Early MRD Monitoring in Younger Patients With MCL Posttransplant Predicts Outcomes

December 22, 2020 - Minimum residual disease negativity in the bone marrow and peripheral blood prior to autologous stem cell transplant predicts better progression-free survival and overall survival in younger patients with mantle cell lymphoma.

Minimum residual disease (MRD) negativity in the bone marrow and peripheral blood prior to autologous stem cell transplant (ASCT) predicts better progression-free survival (PFS) and overall survival (OS) in younger patients with mantle cell lymphoma (MCL), according to a final analysis of the phase 3 LyMa-MRD project that was presented during the 2020 ASH Annual Meeting and Exposition.

Post-ASCT MRD status was not quite as predictive for outcomes, particularly OS, but its predictive capacity was enhanced when combined with the results from positron emission tomography (PET), said presenting author Mary B. Callanan, PhD, from University Hospital F. Mitterand and Inserm UMR 1231.

In addition, the study shows that “rituximab maintenance provides longer PFS and OS regardless of MRD status pre- or post-ASCT, suggestive of continued, clinically relevant antitumor activity of rituximab against very rare residual circulating and/or ‘tissue-resident’ MCL cells,” she said.

Achieving MRD negativity in the bone marrow pre-ASCT was associated with significantly superior PFS compared with MRD positivity (median, 56.2 months vs 49.9 months; P = .0295) as well as significantly better OS (median, 60.8 months vs not reached; P = .0407).1

Achieving MRD negativity in the blood pre-ASCT was also associated with prolonged PFS compared with MRD-positive status (median: 60.8 vs. 34.9 months; P < .0001) as well as OS (median, 60.8 months vs. 39.6 months; P < .0001).

The LyMa study enrolled 299 patients aged 18 to 65 years old with untreated newly diagnosed MCL who were treated with induction rituximab, dexamethasone, high-dose cytarabine, and salt platinum (R-DHAP) and ASCT, followed by randomization to rituximab maintenance every 2 months for 3 years or observation. The main outcome from LyMa was an improvement in event-free survival, PFS, and OS with rituximab maintenance compared with observation.2

In LyMa-MRD, 220 patients for whom MRD was evaluable pre- and posttransplant formed the cohort for the final analysis. MRD analysis was performed by gold standard quantitative polymerase chain reaction assays and interpreted according to EURO-MRD standardized guidelines in 3 French reference laboratories. MRD data for the survival analysis was generated from assays with a minimal sensitivity of 10-4.

In 1042 samples from the 220 patients, MRD negativity in peripheral blood after induction therapy by R-DHAP was 77%, which increased to 94% posttransplant. “Likewise, in bone marrow, MRD negativity is at 64% postinduction by R-DHAP and reaches 81% after transplant,” she said.

Outcomes according to post-ASCT MRD status were also assessed. Post-ASCT MRD negativity in the blood was associated with improved PFS vs MRD-positive status (median, 59.2 months vs 34.4 months; P = .0452) but had no significant impact on OS (P = .1661).
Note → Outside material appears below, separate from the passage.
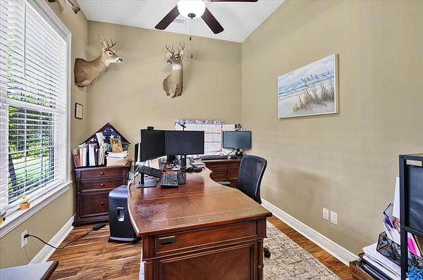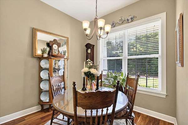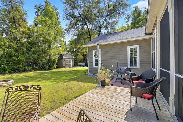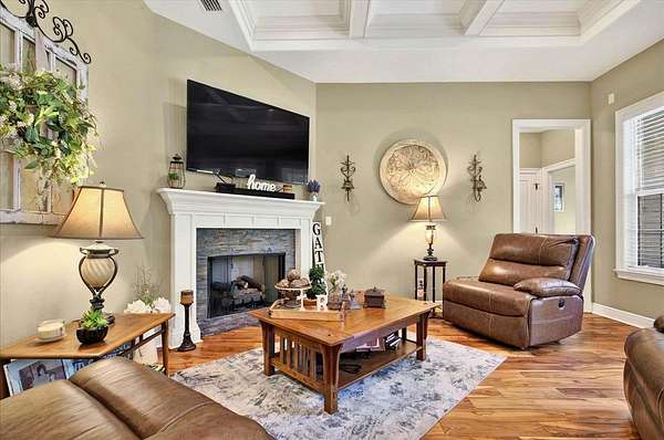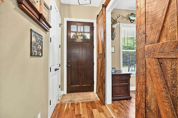 Gorgeous 3-Bedroom Home on 5 Secluded Acres - No HOA! Discover the perfect blend of comfort, style, and privacy in this beautifully crafted 3-bedroom, 2-bath home with 1,853 sq. ft. of luxurious heated and cooled living space. Nestled on a wooded five-acre corner lot, this property offers serene country living with easy access to local conveniences-without the restrictions of an HOA. From the moment you arrive, you'll be impressed by the home's curb appeal, featuring durable Hardie siding and timeless brick accents. Step inside to an open, airy layout with upscale finishes and thoughtful details throughout. The gourmet kitchen is a chef's dream, showcasing granite countertops, a large island breakfast bar, and seamless flow into the dining and living areas-perfect for hosting friends and family. The inviting living room boasts a gas fireplace with a striking stone mantle, while rustic rolling barn doors add character and charm. Your master suite is a private sanctuary, complete with a spacious walk-in closet and spa-inspired tiled shower with both rainfall and high-pressure shower heads. Enjoy coffee or quiet mornings in the breakfast nook overlooking your lush backyard, or relax in the 8x16 screened porch that's ideal for year-round enjoyment. Additional highlights include: Family drop zone/mudroom for everyday convenience Corelux engineered vinyl plank flooring in main areas for style and durability Ceramic tile in baths and laundry Large storage shed for tools and equipment This home is perfect for those seeking space, comfort, and an escape from city life-without sacrificing modern amenities. Schedule your private tour today and experience this peaceful retreat for yourself!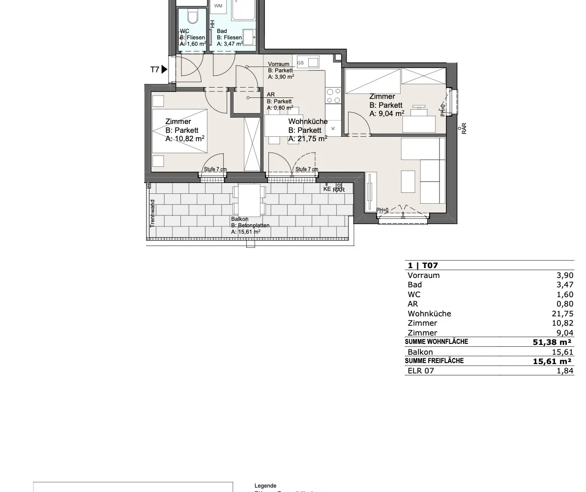 – Balkon: ca. 15,61 m²

Similarly, post-ASCT status in the bone marrow had a significant impact on PFS (P = .0261) but not on OS.

Effect of maintenance rituximab

The addition of maintenance rituximab therapy improved outcomes in the patients who achieved MRD negativity in the bone marrow pre-ASCT. With maintenance, median PFS improved to a median of 58.2 months compared with 48.8 months in those patients who achieved MRD negativity pre-ASCT but were randomized to observation (P = .0405), and median OS improved from 52.2 months to 58.2 months with maintenance (P = .0395).

Maintenance therapy with achievement of MRD negativity in the blood pre-ASCT significantly extended median PFS (58.2 vs. 52.2 months; P = .0260) and median OS (58.2 months vs. not reached; P = .01326) compared with observation.

In patients with MRD-negative status in the blood post-ASCT, maintenance rituximab significantly prolonged median PFS from 48.8 months to 58.2 months (P = .001) and median OS from 52.2 months to 58.2 months (P = .02).

Maintenance therapy in patients with MRD-negative status in the bone marrow post-ASCT significantly prolonged median PFS (P = .0072) but had no significant impact on median OS compared with observation.

MRD Status Plus PET

The predictive power of integrating pre-ASCT molecular MRD status and results from PET was also assessed. “Quite strikingly…patients that achieved double negativity status for PET and MRD, whether this is in the bone marrow or the blood, show a significantly superior [PFS] outcome compared with those patients who remain double positive for PET and MRD…in the bone marrow or the blood,” she said.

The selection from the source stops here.